A. Pengertian Ilmu Hadis
Ulumul Hadis adalah istilah ilmu hadis di
dalam tradisi ulama hadits. (Arabnya: ‘ulumul
al-hadist). ‘Ulum Al Hadist
terdiri dari atas 2 kata, yaitu ‘Ulum dan
Al Hadist. Kata ‘ulum dalam bahasa arab adalah bentuk jamak dari ‘ilm, jadi berarti ilmu-ilmu, sedangkan Al
Hadist berarti segala sesuatu yang
disandarkan kepada nabi SAW dari perbuatan, perkataan, taqir, atau sifat.”
Dengan demikian, ‘Ulum Al Hadist
adalah ilmu-ilmu yang membahas atau
berkaitan Hadis nabi SAW.
Dalam pengertian istilah para ulama ahli
Hadis memberikan pengertian ‘Ulum Al
Hadist, diantaranya :
1. Menurut Ustadz Syamsuddin At Tabrizy dalam kitab Syarhu
Ad Dibaji Al Mudzahhab
هُوَ اْلعِلْمُ بِأَقْوَالِ رَسُوْلِ اللهِ صَلْعَمْ
وَأَفْعَاِلهِ وَتَقْرِيْرَاتِهِ وَهَيْئَتِهِ وَشَكْلِهِ مَعَ أَسَاِنيْدِهَا.
وَتَمْيِيْزِ صِحَاحِهَا وَحِسَانِهَا وَضِعَافِهَا عَنْ خِلاَفِهَا مَتْنًا
وَاِسْنَاداً.
“Ilmu
pengetahuan tentang sabda, perbuatan, pengakuan, gerak-gerik dan bentuk
jasmaniah Rasulullah SAW beserta sanad-sanad (dasar penyandarannya) dan ilmu
pengetahuan untuk membedakan keshahihannya, kehasanannya dan kedhaifannya
daripada lainnya, baik matan maupun sanadnya”.

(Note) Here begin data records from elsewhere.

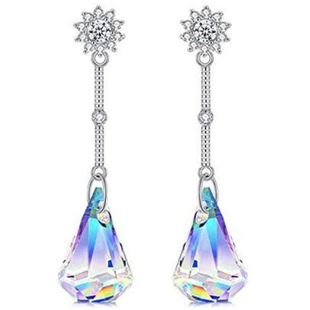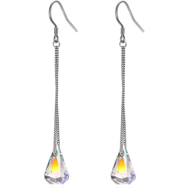 Rainbow White 925 Sterling Silver Mermaid Glass Drop Earrings
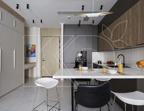 Довольно часто встречаются гарнитуры в стиле сканди с элементами в темных цветах. Например, черными столешницами и навесными полками. Подобные варианты смотрятся очень эффектно. Несмотря на наличие темных деталей, в них сохраняется воздушность и невесомость.
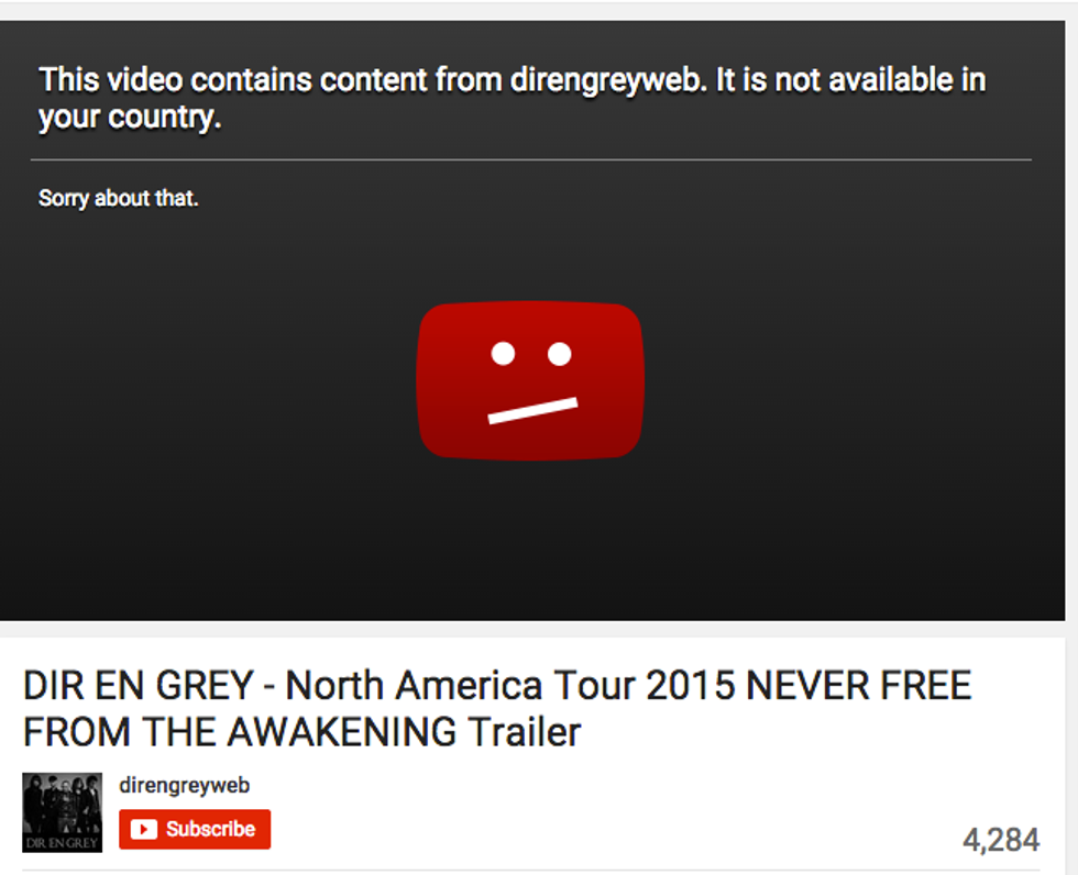 Over the course of this week, several YouTube channels from Japan have been blocked in the United States thanks to the launch of YouTube Red. Even channels from well-known acts such as Dir en Grey or AKB48, as well as sonymusicnetwork and Columbia Music Japan, can no longer be accessed by American users. All you get is the “:/” face and a tagline in which tells you that the content you are trying to access isn't available in your country. Here is a screenshot from the channel direngreyweb, which is pretty ironic considering the video is for their North American tour:
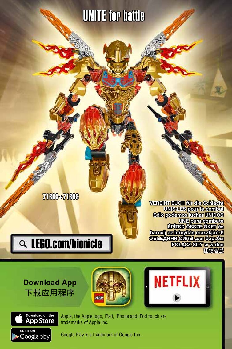 On this page you can find the original construction manual for the LEGO 71308 set. With the assembly manual you can easily learn how to build the 71308 Tahu Uniter of Fire step by step. The set was released in 2016.
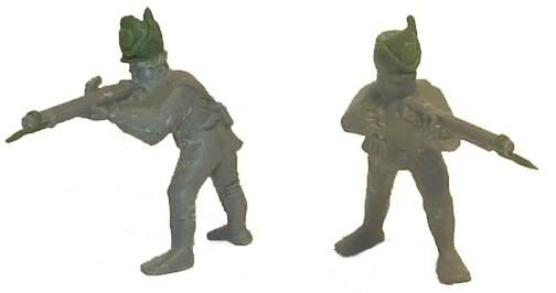 At the moment it looks like what I have to do is file off the poofy bits (where applicable), fill any necessary spaces with green stuff, add little tails and finally make shakos.
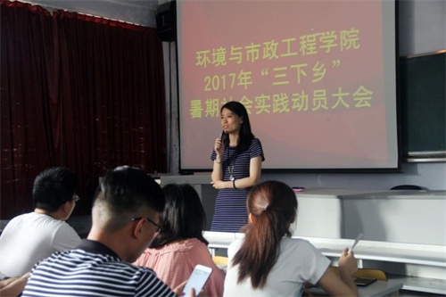 为组织引导广大青年学生在深入社会、了解国情、接受锻炼的过程中培育和践行社会主义核心价值观,环境学院于7月11日下午在一教204阶召开了“三下乡”暑期社会实践动员大会,环境学院团总支书记张恬参加了本次会议。
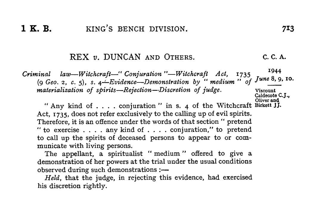 Her conviction was upheld by the Court of Appeal in R v Duncan [1944] KB 713, which confirmed that the 1735 Act’s language extended to any fraudulent claims of spirit communication, regardless of whether the spirits invoked were “evil” or benign.
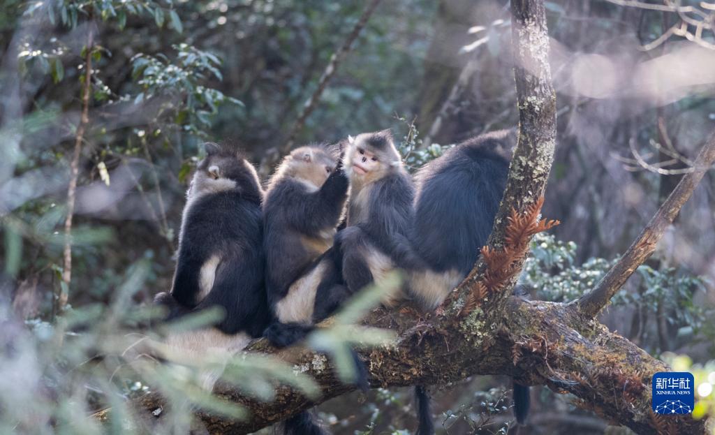 這是在云南白馬雪山國家級自然保護區內拍攝的滇金絲猴(3月13日攝)。新華社記者 王冠森 攝
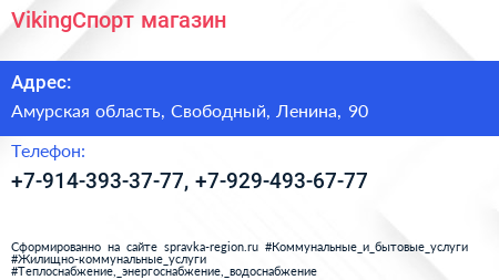 VikingСпорт, магазин по адресу Амурская область, Свободный, Ленина, 90 в дальнейшем Организация, размещена в следующих категориях:

2. Menurut ulama mutaqaddimin
عِلْمٌ يُبْحَثُ عَنْ كَيْفِيَةِ اِتْصَال
اْلاَحاَدِيْثِ بِالرَّسُوْلِ صَلَّى اللهُ عَلَيْهِ وَسَلَّمَ مِنْ حَيْثُ
مَعْرِفَةُ اَحْوَالِ رُوَّا تِهَا ضَبْطًا وَعَدَا لَة وَمِنْ حَيْثُ كَيْفِيَةِ
السَّنَدِ اِتْصَالاً وَانْقِطَاعًا.
“Ilmu pengetahuan yang membicarakan tentang cara-cara
persambungan hadis sampai kepada Rasulullah SAW. Dari segi hal ihwal para
perawinya, kedhabitan, keadilan dan dari bersambung tidaknya sanad dan
sebagainya”.
B. Macam-macam Ilmu Hadis
1.
Ilmu Hadis Riwayah
a.
Pengertian
عِلْمٌ يُعْرَفُ بِهِ نَقْلُ مَا أُضِيْفَ لِلنَّبِىِّ صَلْعَمْ قَوْلاً
أَوْفِعْلاً أَوْتَقْرِيْرًا أَوْغَيْرَ ذٰلِكَ وَضَبْطُهَا وَتَحْرِيْرُهَا.
“Suatu
ilmu pengetahuan untuk mengetahui cara-cara penukilan, pemeliharaan dan
pendewanan apa-apa yang disandarkan kepada Nabi Muhammad SAW., baik berupa
perkataan, perbuatan, ikrar maupun lain sebagainya”.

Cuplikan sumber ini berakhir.